Gradually though, ALS has been elbowing itself in between us.  It started with little things.  It’s hard for me to grip the blanket and pull it over Reza and myself.  So he began rolling closer to his Dad, since he knew Dad could pull the blanket over him the way he likes.  My sweet husband solved that by tucking us both in under the blanket together.  Then I started using a splint to keep my fingers from curling at night.  This lost me the ability to use my left hand to rub his back or hold him.

More recently, I began needing to use a non-invasive ventilator (called a BiPAP) during the night to help me breathe while I’m lying down.  You wear a mask with it, and mine is a full face mask.  I’m mostly stuck on my back.  With the mask on it’s very hard to side-lay while wearing it.  This makes it hard to snuggle my little guy.  I also used to love laying my nose gently against his head, inhaling his sweet scent as I slept.  But now I have this big piece of silicon covering my nose and mouth.  I miss side lying with my arm across him, my nose buried in his hair.  But I still get to feel his warmth beside me, and now he reaches for me, holds my wrist gently in his little grip.

We did have one cute, funny thing with the ventilator.  One night, I was laying in bed and having trouble falling asleep.  As my husband and son drifted to sleep beside me, I noticed that both of them had synced their breaths with the ventilator breaths!  It creates a very soothing ambient noise, and it seems no one can help but sync their own breathing to it along with me!
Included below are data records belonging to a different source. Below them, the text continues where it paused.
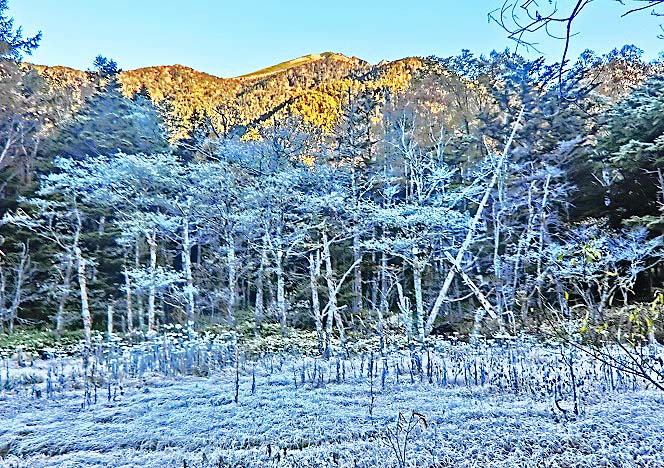 いつの間にか、焼岳の全体に陽光が降り注いでおり、本日も、雲一つない快晴に恵まれました。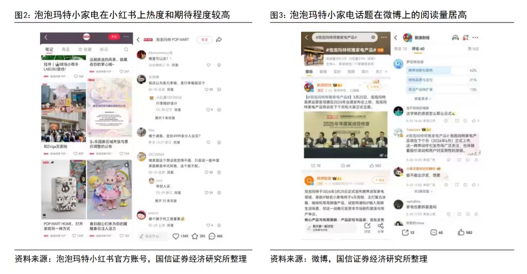 据国信证券统计,多平台数据显示(数据截至4月15日15时),泡泡玛特小家电已积累相当高的社媒热度:抖音“泡泡玛特家电”话题累计播放量约1亿次;微博话题阅读量达395.1万次,其中约六成用户表达对跨界创新的期待,约两成持观望态度。小红书上,LABUBU冷藏箱相关帖子累计点赞数超1300,显著高于同期其他内容。
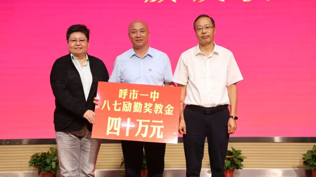 我校87屆校友設(shè)立“呼市一中八七勵(lì)勤獎(jiǎng)教金”,以表彰我校教育工作者的辛勤付出。我校87屆高中4班楊永峰先生和虎彥女士到現(xiàn)場(chǎng)為大家送上了教師節(jié)祝福,虎彥女士為大家獻(xiàn)歌《好大一棵樹(shù)》。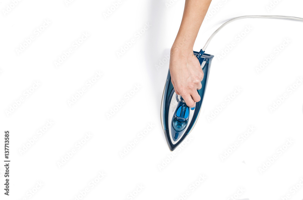 Female hand ironing clothes top view isolated on white background. Young woman seen from above during housework. Blue iron on white table.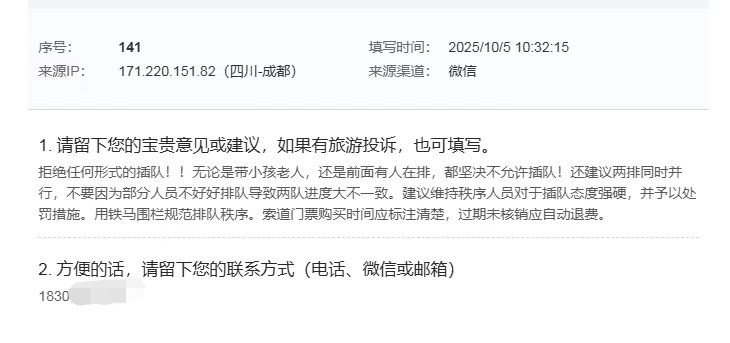 “拒绝任何形式的插队!”10月5日上午,一条通过“吐槽码”提交的建议引起了四川省剑阁县文旅部门的重视。接到反馈后,该部门立即增派工作人员加强现场秩序维护,并在游客排队区域安排文艺演出,有效改善了游客的旅游体验。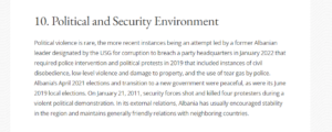 Zgjedhjet në Shqipëri të prillit 2021 dhe kalimi në një qeveri të re ishin paqësore, ashtu si edhe zgjedhjet lokale të qershorit 2019. Më 21 janar 2011, forcat e sigurisë qëlluan dhe vranë katër protestues gjatë një demonstrate të dhunshme politike. Në marrëdhëniet e saj të jashtme, Shqipëria zakonisht ka inkurajuar stabilitetin në rajon dhe ruan marrëdhënie përgjithësisht miqësore me vendet fqinje”, shkruhet ndër të tjera në raport.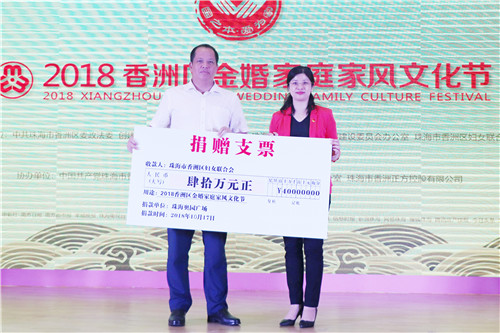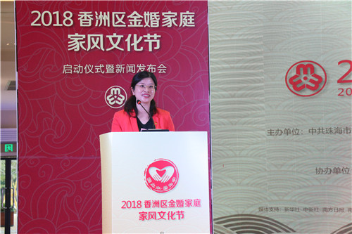 (2018年10月17日——珠海)10月17日,“国之本 爱为家”2018珠海香洲区首届家庭家风文化节在珠海MK官方网页版广场启动。珠海市委政法委专委姜铁钧,香洲区委副书记、政法委书记刘继汉,区委常委、组织部长陈静,副区长、公安分局局长、区平安办主任郑木舜,区妇联主席黄芳,MK官方网页版集团党委副书记、纪委书记林莉等领导及来自拱北、前山等各镇街道8对金婚伉俪代表,社会各界人士及媒体记者共计100余人出席。仪式上,MK官方网页版向区妇联捐赠40万元,以弘扬家庭美德,传播正能量。

Lately we’ve been discussing bed solutions.  Our mattress is on the floor with no frame.  Originally this was necessary because Reza would fall off a regular bed in his sleep and hurt himself.  But now it’s hard for me to get in and out of because it’s so low.  However I am not able to climb up into and down from regular bed frame heights.  I’m tiny myself, and with my weakness I can’t do it.  So one option is to eventually consider a hospital bed that would be able to go up and down as needed, and we could adjust elevation of my upper body or feet etc as needed for best positioning.  But if I go that route I will have to give up sleeping with my sweet angel, and my amazing husband.  And I don’t think I’m ready for that.

How to Die

My entire adult life to-date, when I approached a new life stage that I was unsure of, I would find books to advise and guide me through it.  Often, I sought out multiple perspectives on the matter that allowed me to find my way.  Books on marriage, pregnancy, breastfeeding, parenting, and autism still scatter throughout our bookshelves.  So naturally, as I contemplate my own death in terms of my ALS diagnosis, I have been looking for books on how to die.  How do I make the most of whatever time I have left while simultaneously coping with the grief and fear that accompany this process?  How do I find spiritual peace in coming to terms with my end?  How do I manage my time, now that it has become so definitively finite?  Sometimes so many days and weeks pass in mundane every-day-life activities and I begin to feel terribly anxious that I am just wasting time that I cannot afford to waste.  Yet, it is simply not possible to fill all my days with extraordinary experiences.  The questions go on and on, and I felt certain there must be guide books out there- books on how to die.  Unlike marriage or motherhood, death is a certainty for absolutely every single one of us.  So surely, I thought, there must be many books on this subject.  But I couldn’t find a single one.  Not one.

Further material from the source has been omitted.